> _Task description_:
Each record should reappear exactly in your answer, minus any picture.

> _Stored data_:
'''
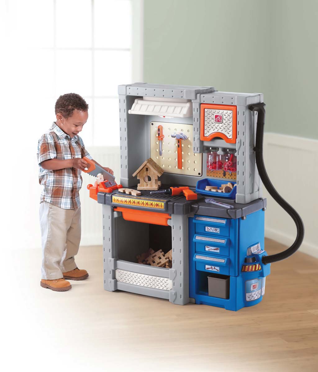 È importante scegliere un banco da lavoro che possa accompagnare il bambino durante la crescita, adattandosi alle diverse età, per dare la possibilità di giocare insieme anche con fratelli ed amici. Grazie ai ganci e agli appositi spazi contenitivi previsti per utensili e accessori, il bambino imparerà a mettere in ordine le sue cose, sapendo sempre dove si trovano tutte le cose di cui ha bisogno per giocare.
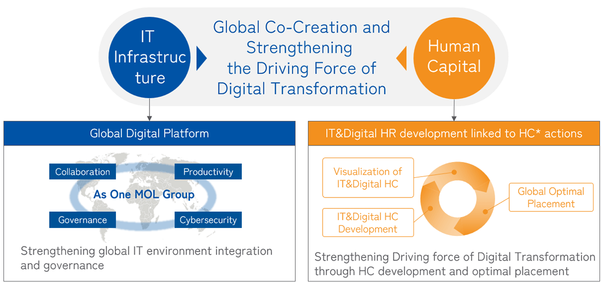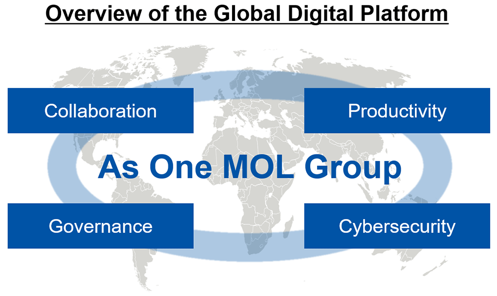 By integrating business and IT infrastructure on a global scale, MOL aims to strengthen collaboration, productivity, governance, and security. Additionally, through the strategic development and optimal global allocation of IT and digital human resources, our goal is to enhance the driving force of global co-creation and digital transformation (DX) by reinforcing both the "IT infrastructure" and "Human Resource" pillars.
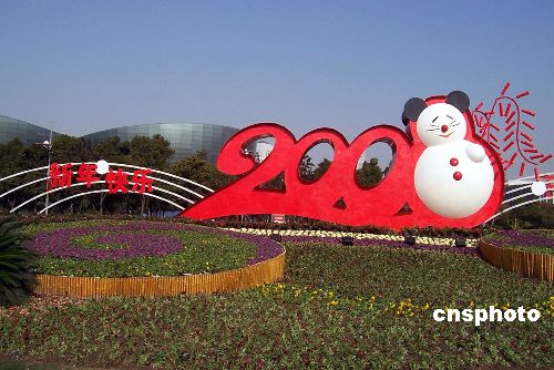 12月31日。上海浦東世紀(jì)廣場的上萬盆鮮花和大型“2008”賀年牌及其中那白色的“8”字“雪鼠”別致造型,迎接2008年到來。中新社發(fā) 周東潮 攝
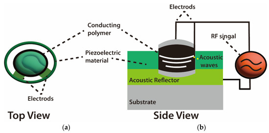 Schematics of bulk acoustic wave (BAW) chemical sensors. (a) Vertical top view. (b) Side view of BAW sensor system [54,55].
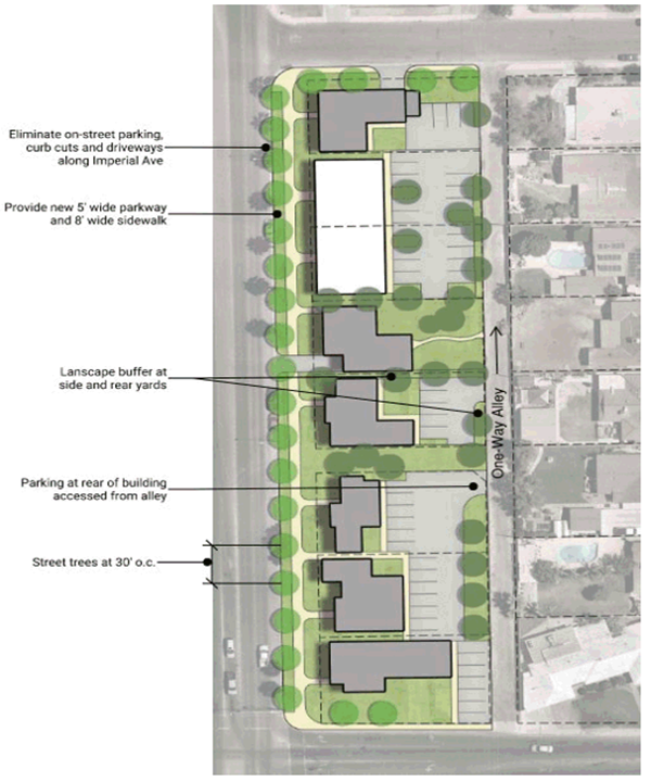 Encourage the transition from the current pattern of driveways serving each residence taking direct access from Imperial Avenue to alley-oriented access to improve safety and traffic flow along Imperial Avenue.
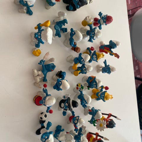 36 forskellige Smølfer og legehus i plast. Et par af de samme, men 30+ forskellige og en ræv 😉 Sættet indeholder også en bil med træk-tilbage funktion samt Smølfines hus formet som en stor svamp. Velegnet til samling eller leg. Sælges gerne samlet
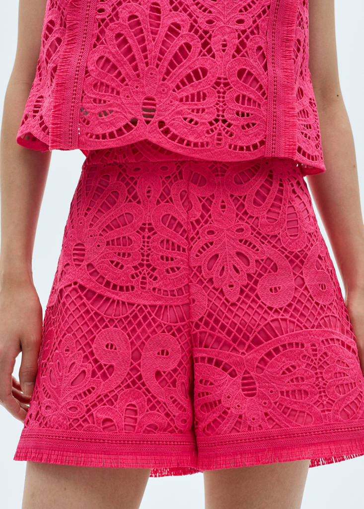 Fine-knit fabric. Crochet design. Short design. Straight design. High waist. Zip fastening on the back section. Frayed finish. Inner lining
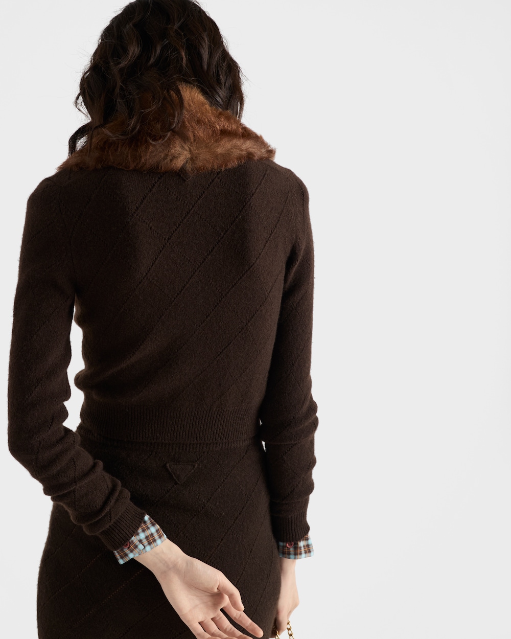 洗練されたオープンワークニットのモチーフが、このスカートに繊細で上品な魅力を添えています。カシミヤの柔らかな肌触りが、スリムなシルエットに快適さと洗練された印象をもたらします。
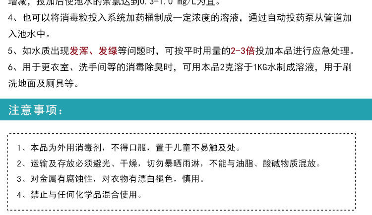復(fù)效清泳池消毒粒注意事項:
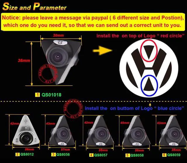 Dear customer, Please must check the camera size and appearance before place a order, see if can fit your license light place size and appearance! Because the same car model in different countries may have some difference, please check the camera size and compare the installation of your car carefully to avoid mistake.
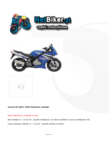 Suzuki GS 500 F 2004 Niebieski naklejki Brak trójkątnych naklejek na bak. Bak naklejki nr : 15,16,19 - sposób naklejania: na lakier (naklejki 15,16 są naklejkami 3D) Lewa owiewka naklejki nr : 1,12,14 - sposób nakleja na lakier Strona 1 z 2 Prawa owiewka naklejki nr : 2,11,13 - sposób naklejania: na lakier Zadupek naklejki nr : 3,4,5,6,7,8,17 - sposób naklejania: na lakier Czasza - naklejki nr : 9,10,18 - sposób naklejania: na lakier Zdjęcie poglądowe - przedstawia co znajduje się w zestawie. Na rózne kolory motocykla naklejki maja odpowiedni kolor. Istnieje możliwość zakupu naklejek na sztuki. Uwaga! Czas realizacji zamówienia może potrawać do 8 dni roboczych Strona 2 z 2
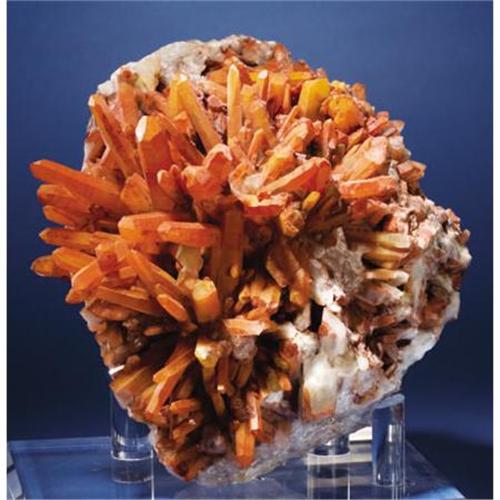 <B>LARGE QUARTZ CRYSTAL GROUP</B></I><BR> <I>Orange River Area, Namibian/South African Border</B></I><BR>The aptly named Orange River is home to this glowing explosion of red and orange prisms. Here, local tribesmen eke out a living in this fierce, sere land. The only water for miles is the river itself, food is something you bring with you and you better not get lost: there are too many places to search. Most specimens from this area feature a showy complement of iron oxide inclusion: the source of the vivid coloration. Since getting into (and out of) the area is no small feat, the selection process for specimens favors the small and easily portable. This large quartz group plays against type by being considerably larger than normal. Radiating crystals up to 2 ¾ inches long stud the upper surface of this flaming pincushion measuring 10 x 9 ½ x 8 inches. There is some minor damage to individual crystals but overall the effect is spectacular. Comes complete with a custom stand. Ex Charles Key Collection.<BR><BR><b>Shipping:</b> Requires 3rd Party Shipping (<a target="_blank" href="http://www.heritageauctions.com/common/shipping.php">view shipping information</a>)
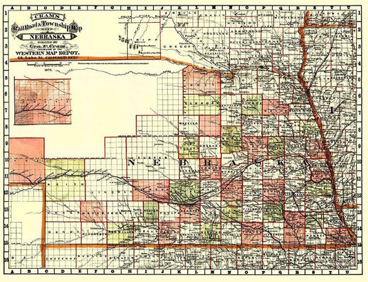 Nebraska Railroad and Townships - Cram 1875 White Modern Wood Framed Art Print with Double Matting by Cram
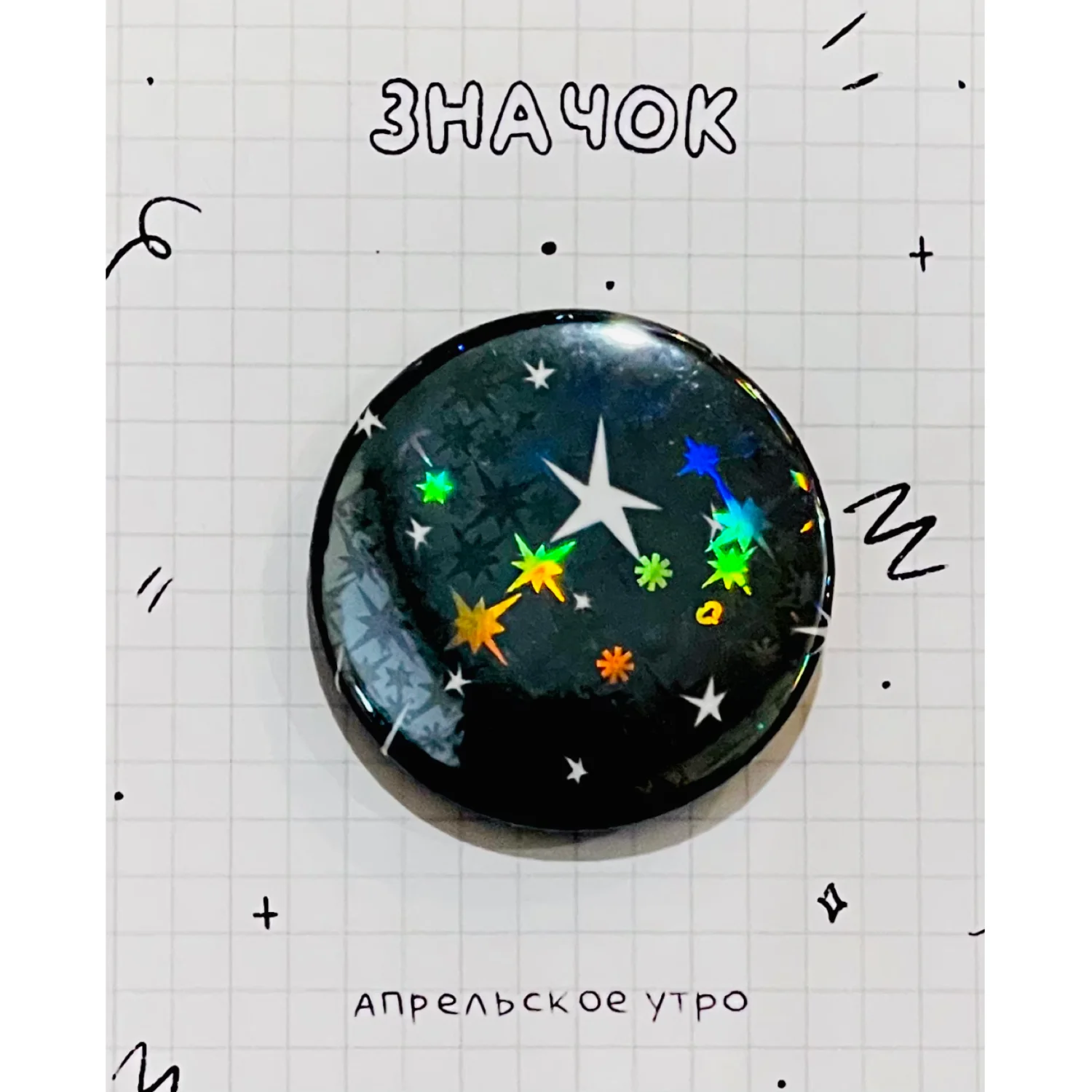Значок размером 37 мм бренда Апрельское утро с картинкой «Звёзды», переливающийся на солнце.
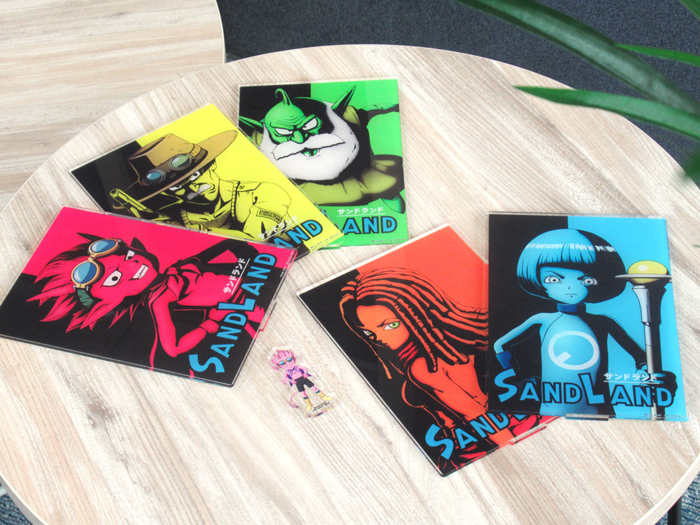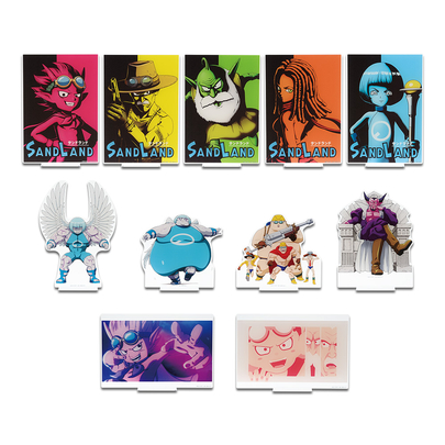 ¡Y eso no es todo! ¡Hay disponibles grandes stands acrílicos de los Nadadores y Satanás, pósteres de tela con diseños superlindos o increíblemente geniales y una colección de postales históricas increíblemente completa! ¡Todos los artículos de este set seguramente complacerán a los fanáticos de SAND LAND: THE SERIES!
'''
> _Your solution_:
 È importante scegliere un banco da lavoro che possa accompagnare il bambino durante la crescita, adattandosi alle diverse età, per dare la possibilità di giocare insieme anche con fratelli ed amici. Grazie ai ganci e agli appositi spazi contenitivi previsti per utensili e accessori, il bambino imparerà a mettere in ordine le sue cose, sapendo sempre dove si trovano tutte le cose di cui ha bisogno per giocare.
 By integrating business and IT infrastructure on a global scale, MOL aims to strengthen collaboration, productivity, governance, and security. Additionally, through the strategic development and optimal global allocation of IT and digital human resources, our goal is to enhance the driving force of global co-creation and digital transformation (DX) by reinforcing both the "IT infrastructure" and "Human Resource" pillars.
 12月31日。上海浦東世紀(jì)廣場的上萬盆鮮花和大型“2008”賀年牌及其中那白色的“8”字“雪鼠”別致造型,迎接2008年到來。中新社發(fā) 周東潮 攝
 Schematics of bulk acoustic wave (BAW) chemical sensors. (a) Vertical top view. (b) Side view of BAW sensor system [54,55].
 Encourage the transition from the current pattern of driveways serving each residence taking direct access from Imperial Avenue to alley-oriented access to improve safety and traffic flow along Imperial Avenue.
 36 forskellige Smølfer og legehus i plast. Et par af de samme, men 30+ forskellige og en ræv 😉 Sættet indeholder også en bil med træk-tilbage funktion samt Smølfines hus formet som en stor svamp. Velegnet til samling eller leg. Sælges gerne samlet
 Fine-knit fabric. Crochet design. Short design. Straight design. High waist. Zip fastening on the back section. Frayed finish. Inner lining
 洗練されたオープンワークニットのモチーフが、このスカートに繊細で上品な魅力を添えています。カシミヤの柔らかな肌触りが、スリムなシルエットに快適さと洗練された印象をもたらします。
復(fù)效清泳池消毒粒注意事項:
 Dear customer, Please must check the camera size and appearance before place a order, see if can fit your license light place size and appearance! Because the same car model in different countries may have some difference, please check the camera size and compare the installation of your car carefully to avoid mistake.
 Suzuki GS 500 F 2004 Niebieski naklejki Brak trójkątnych naklejek na bak. Bak naklejki nr : 15,16,19 - sposób naklejania: na lakier (naklejki 15,16 są naklejkami 3D) Lewa owiewka naklejki nr : 1,12,14 - sposób nakleja na lakier Strona 1 z 2 Prawa owiewka naklejki nr : 2,11,13 - sposób naklejania: na lakier Zadupek naklejki nr : 3,4,5,6,7,8,17 - sposób naklejania: na lakier Czasza - naklejki nr : 9,10,18 - sposób naklejania: na lakier Zdjęcie poglądowe - przedstawia co znajduje się w zestawie. Na rózne kolory motocykla naklejki maja odpowiedni kolor. Istnieje możliwość zakupu naklejek na sztuki. Uwaga! Czas realizacji zamówienia może potrawać do 8 dni roboczych Strona 2 z 2
 <B>LARGE QUARTZ CRYSTAL GROUP</B></I><BR> <I>Orange River Area, Namibian/South African Border</B></I><BR>The aptly named Orange River is home to this glowing explosion of red and orange prisms. Here, local tribesmen eke out a living in this fierce, sere land. The only water for miles is the river itself, food is something you bring with you and you better not get lost: there are too many places to search. Most specimens from this area feature a showy complement of iron oxide inclusion: the source of the vivid coloration. Since getting into (and out of) the area is no small feat, the selection process for specimens favors the small and easily portable. This large quartz group plays against type by being considerably larger than normal. Radiating crystals up to 2 ¾ inches long stud the upper surface of this flaming pincushion measuring 10 x 9 ½ x 8 inches. There is some minor damage to individual crystals but overall the effect is spectacular. Comes complete with a custom stand. Ex Charles Key Collection.<BR><BR><b>Shipping:</b> Requires 3rd Party Shipping (<a target="_blank" href="http://www.heritageauctions.com/common/shipping.php">view shipping information</a>)
 Nebraska Railroad and Townships - Cram 1875 White Modern Wood Framed Art Print with Double Matting by Cram
Значок размером 37 мм бренда Апрельское утро с картинкой «Звёзды», переливающийся на солнце.
 ¡Y eso no es todo! ¡Hay disponibles grandes stands acrílicos de los Nadadores y Satanás, pósteres de tela con diseños superlindos o increíblemente geniales y una colección de postales históricas increíblemente completa! ¡Todos los artículos de este set seguramente complacerán a los fanáticos de SAND LAND: THE SERIES!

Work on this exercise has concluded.